You are viewing a plain text version of this content. The canonical link for it is here.
Posted to user@mahout.apache.org by Night Wolf <ni...@gmail.com> on 2011/07/29 18:25:09 UTC

Random Decision Forests - Binary Classification of large data set

Hi all,

I have been playing around with the Random Decision Forests in Mahout. Seems
like the classifier produces good results using the test programs.

I am wondering if this classifier can be used on larger data sets with
around 35,000 features and 100k+ message instances to classify on a small
Hadoop cluster or even a single node development install?

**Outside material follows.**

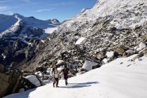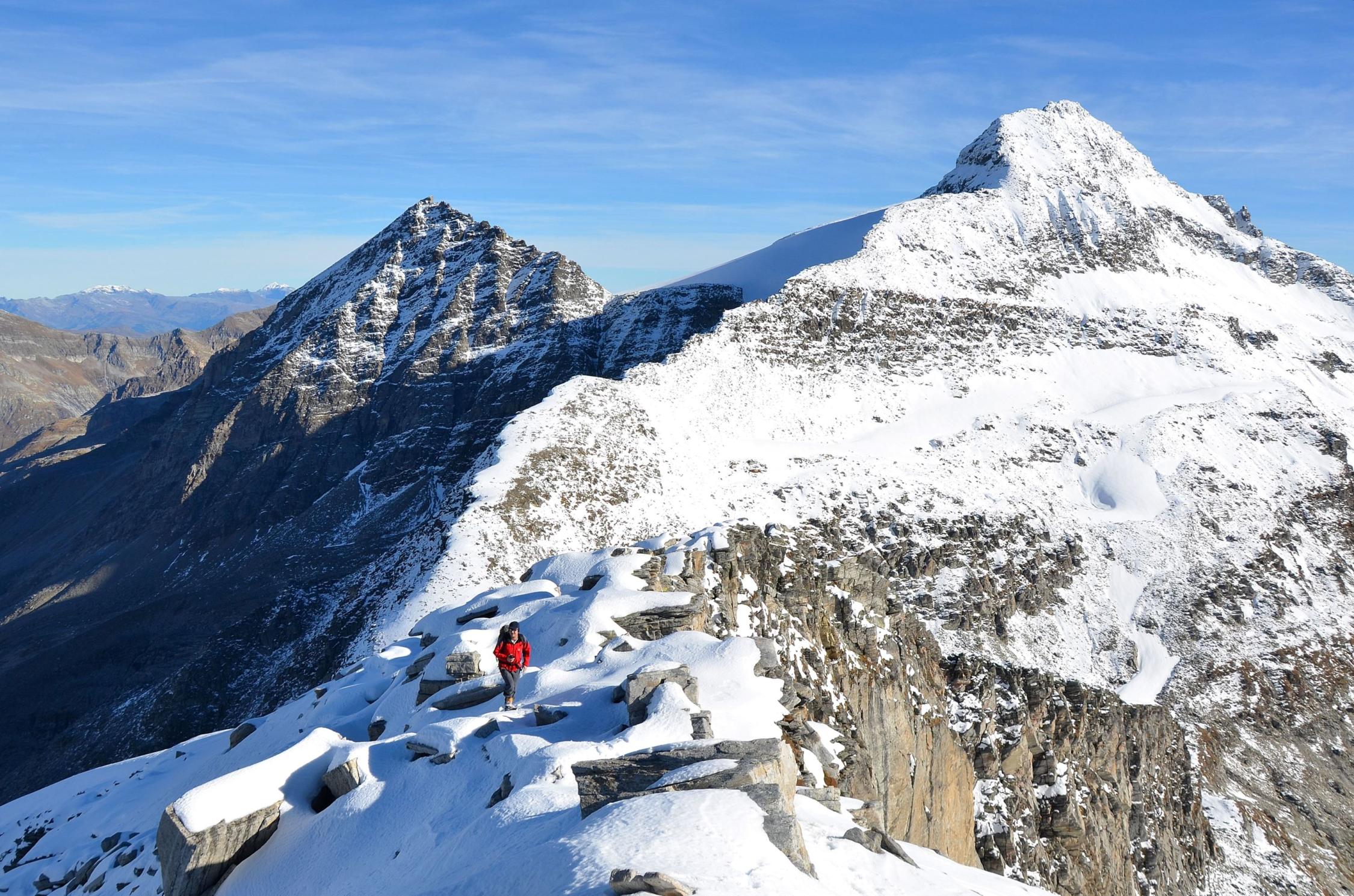Am Rheinwaldhorn waren wir alleine unterwegs. Erst im Schlussaufstieg begegneten wir noch vier Berggänger, die von der Tessiner Seite her zur Adulalücke aufstiegen. Ansonsten hatten wir den ab 2800 m tief verschneiten Berg für uns an diesem traumhaft schönen Herbsttag.

Has anyone used the Random forest classifier to work with massive data sets
reliably and with high accuracy. My previous experience using the RF model
has been good for sparse data sets and I think this is one area Mahout could
really shine. Using tools like Weka and even R, the data sets I'm testing
with now are just to large for these tools to work well so I was hoping
Mahout may be the answer for this problem as well.

So is it worth working with the Random Forest classifier to get a production
or near to production system running?

Does anyone have any examples and stories of their Mahout RF usage?

Thanks!

Re: Random Decision Forests - Binary Classification of large data set

Posted by Hector Yee <he...@gmail.com>.
I haven't had much luck with random forests (vs other stuff) in production.
Its harder to control the regularization and thresholds.
If you have 35K features chances are your data is linearly separable anyway,
so you might as well stick to the logistic regression in Mahout.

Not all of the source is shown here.